Book cover of "The Winner" by Teddy Wayne. Photo courtesy of Harper Collins
“The Winner” by Teddy Wayne. Photo courtesy of Harper Collins

Class implications are rife throughout the novel, even reflected in names. Wayne researched White Anglo-Saxon Protestant (WASP) names from the 1965 social register when he named the characters. He also named one character after a street in his neighborhood, Remsen, explaining that the name “worked well.”

Like Connor, Wayne grew up in Yonkers before moving to Brooklyn. Despite his upbringing in the suburbs, Wayne has lived in the city for his entire adult life, other than when he attended graduate school in St. Louis, Missouri.

“I moved to Carroll Gardens in 2016 with my now-wife,” said Wayne. “This is our fifth Brooklyn apartment in the past eight years. We moved a lot, but we finally are situated in a place we call home in Cobble Hill.”

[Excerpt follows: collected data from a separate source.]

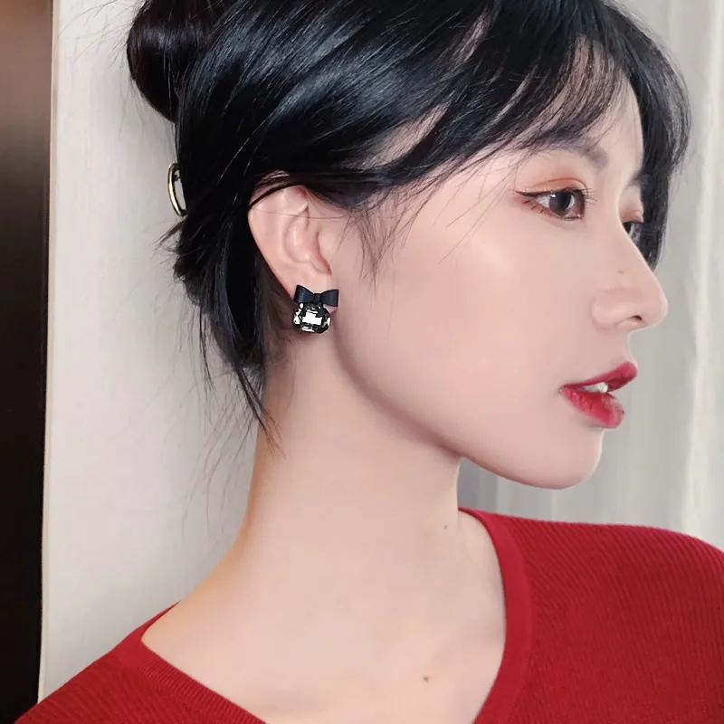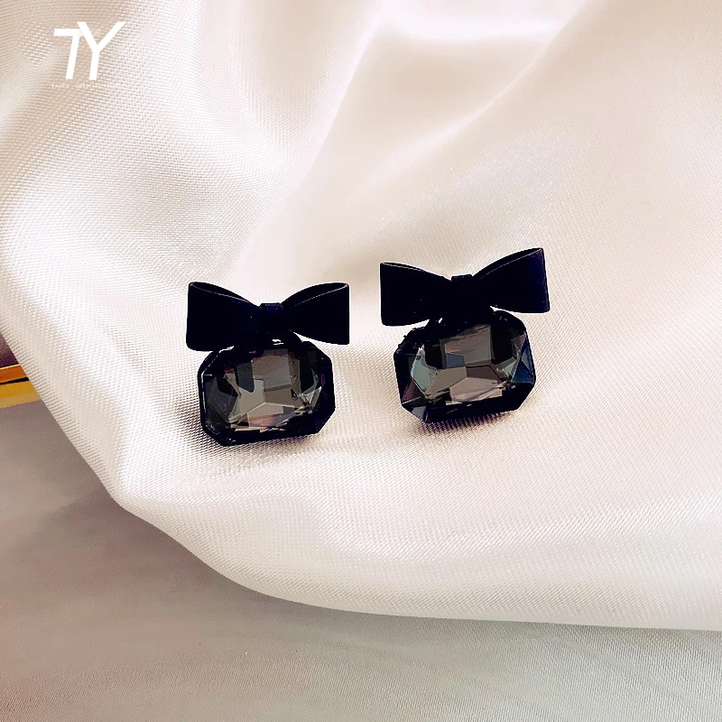 Загадочные черные серьги-подвески с бантом, сексуальные квадратные стеклянные Висячие серьги для женщин, новинка 2020, необычные серьги для девушек и модные корейские драгоценности
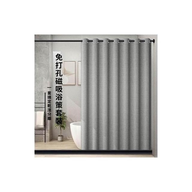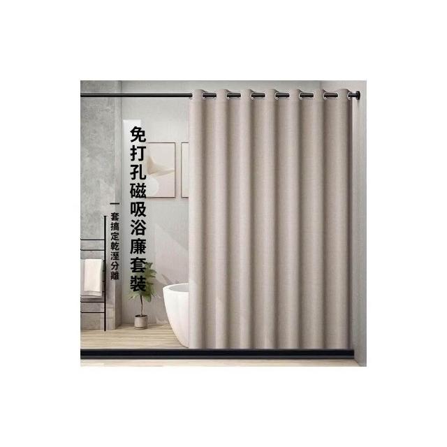 浴簾隔斷 折疊防水簾 掛簾 浴簾免打孔套裝浴室防水佈防黴磁性擋水條窗簾衛生間隔斷簾子門簾
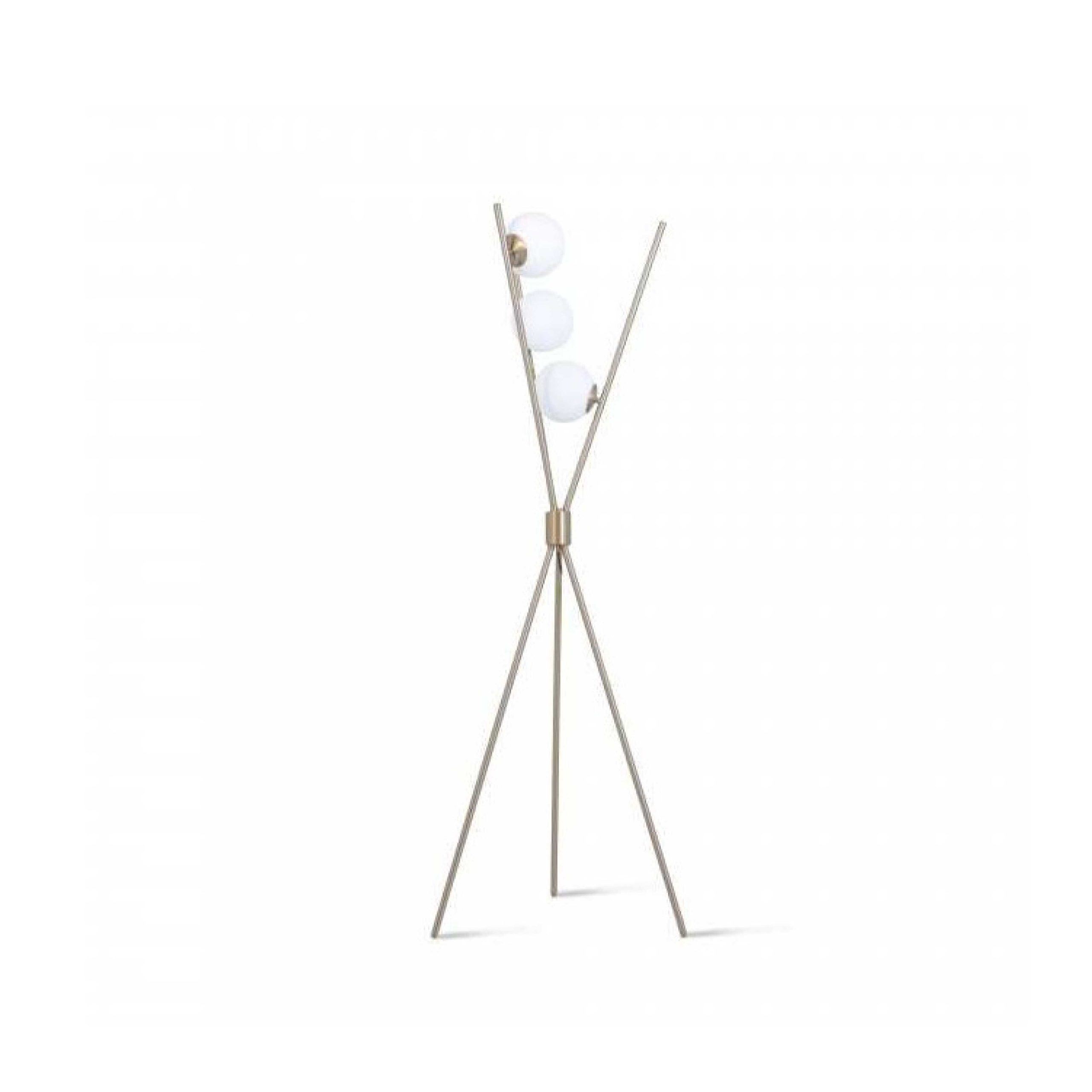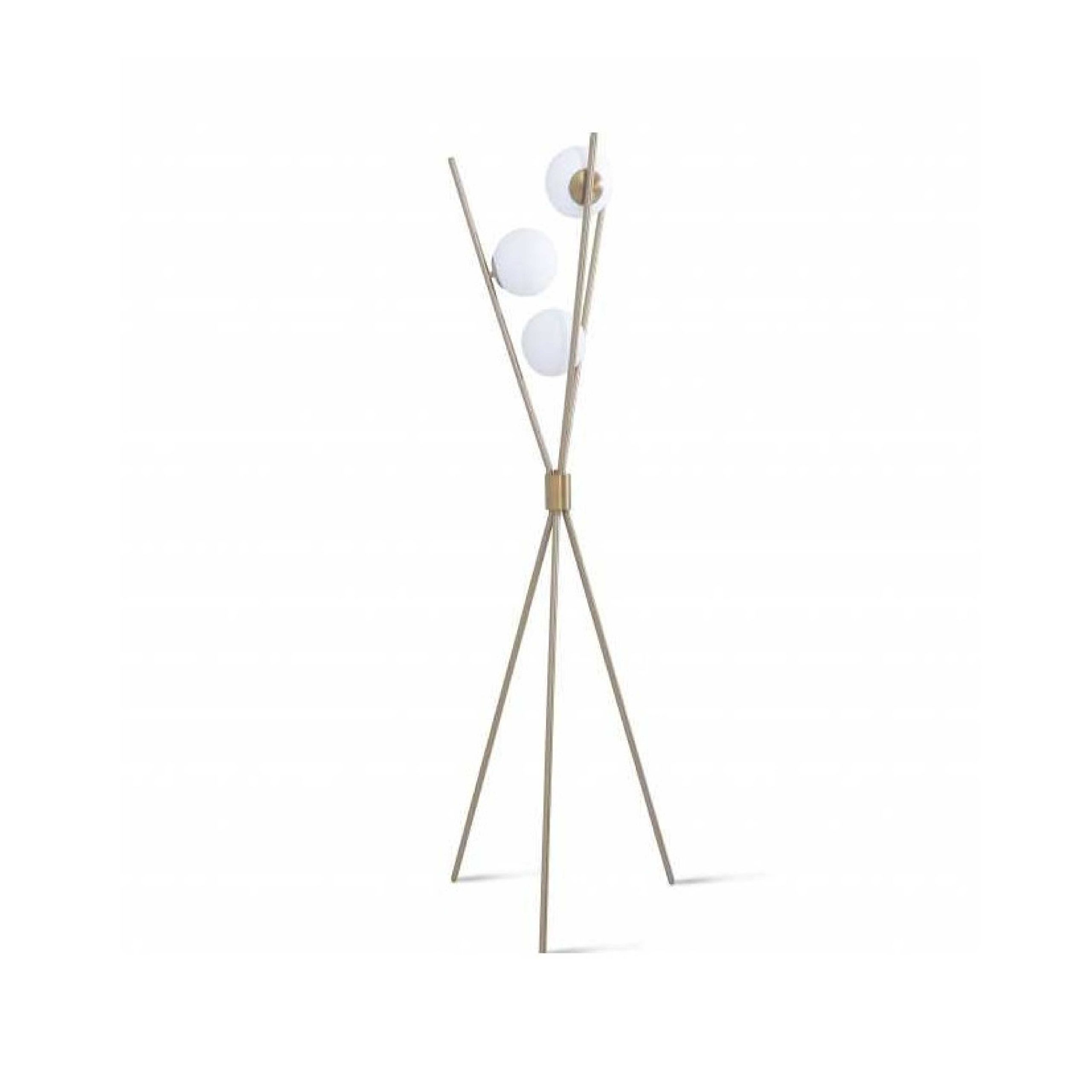 Brass tripod floor lamp with three white glass sphere bulbs.
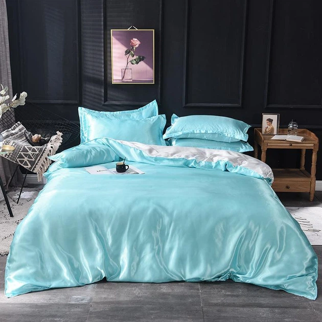 Атласний набір білизни Напівторний 145х210 з простирадлом на гумці наволочка 2х50х70 Блакитний (Р7-fabric-at-025-1)
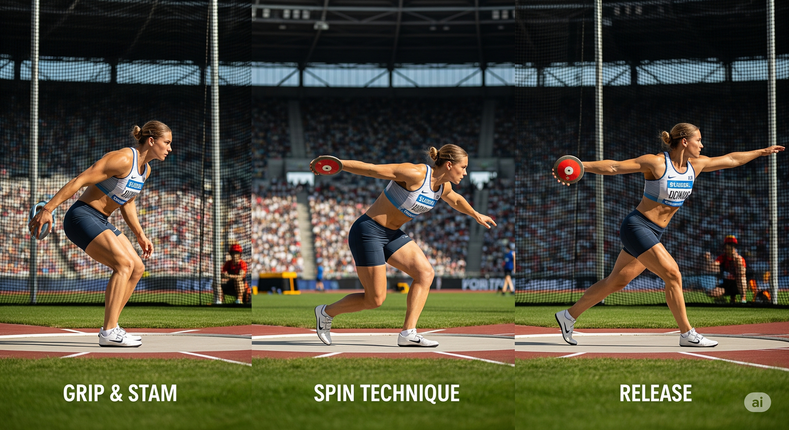 Grip & Stance: Hold discus flat with fingers, stand sideways.
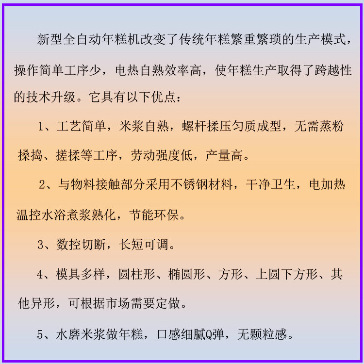 用途范围 | 生产加工年糕饵块粑碱粑米豆腐粉利等 | ||
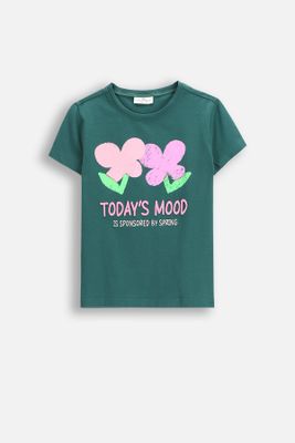 COCCODRILLO T-shirt z krótkim rękawem - zielony z nadrukiem kwiatów - rozmiar 104 - dla dziewczynki
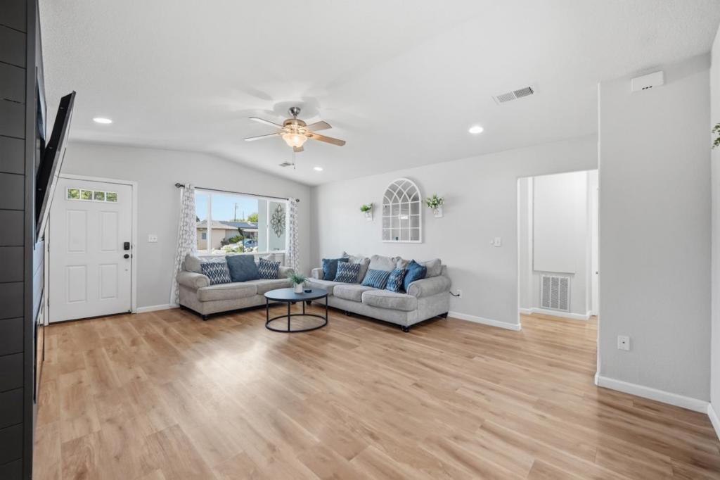 Welcome to 690 El Cerrito Way in Gilroy! This 3 bedroom, 1.5 bathroom home offers 1,420 sqft of living space on a 6,200 sqft lot with thoughtful updates throughout and no HOA. The light-filled kitchen features ample cabinetry, stainless steel appliances, and opens to a cozy dining area. The spacious living room showcases updated flooring and a modern fireplace feature wall, creating a warm and inviting atmosphere. Laminate flooring runs throughout the home. Both bathrooms have been tastefully updated, including a stylish full bath with a sleek vanity. A versatile bonus room provides the perfect space for a home gym, office, or additional living area. Bedrooms are well-sized, with unique accent walls adding character. Enjoy central A/C and solar for year-round comfort and efficiency. Step outside to a low-maintenance backyard with a pergola-covered patio, ideal for entertaining or relaxing evenings. Conveniently located near Alehouse Bar & Grill, Pineapple Village, and nearby grocery stores, with easy access to commuter routes, this home is a great blend of comfort, style, and functionality.

Brooklyn culture informed the character Emily, who lives in Brooklyn, to rebel against her Upper East Side parents. Wayne understands how class and hierarchy are directly related to urban geography; each character has an allotment of cultural capital tied to their upbringing that informs their worldview.

Published on the heels of other Ripley-inspired films, television shows and books from recent months, “The Winner” pairs nicely with the popular culture zeitgeist. Emerald Fennel’s “Saltburn” (2023) sparked heavy debate about the class-subverting thriller genre, and the Netflix television adaption of “The Talented Mr. Ripley” (2024), starring Andrew Scott, extended the fascination with sociopathic protagonists as a way to convey class dysfunction. 

“I was impressed by the granularity of his covering up the various crimes he commits,” Wayne said of the Netflix show. “What was so well done is that you really see him cleaning things up, and they take several minutes to show them cleaning blood off of something and how difficult it really is, even in 1960 or so, to get away with murder. It is hard to do. And I think the show does a great job of portraying that kind of grunt work of hiding your murder spree with great detail.” 

“The Winner” was released on May 28 and is available in bookstores and online. Wayne authored six novels and has contributed to many publications, including The New Yorker.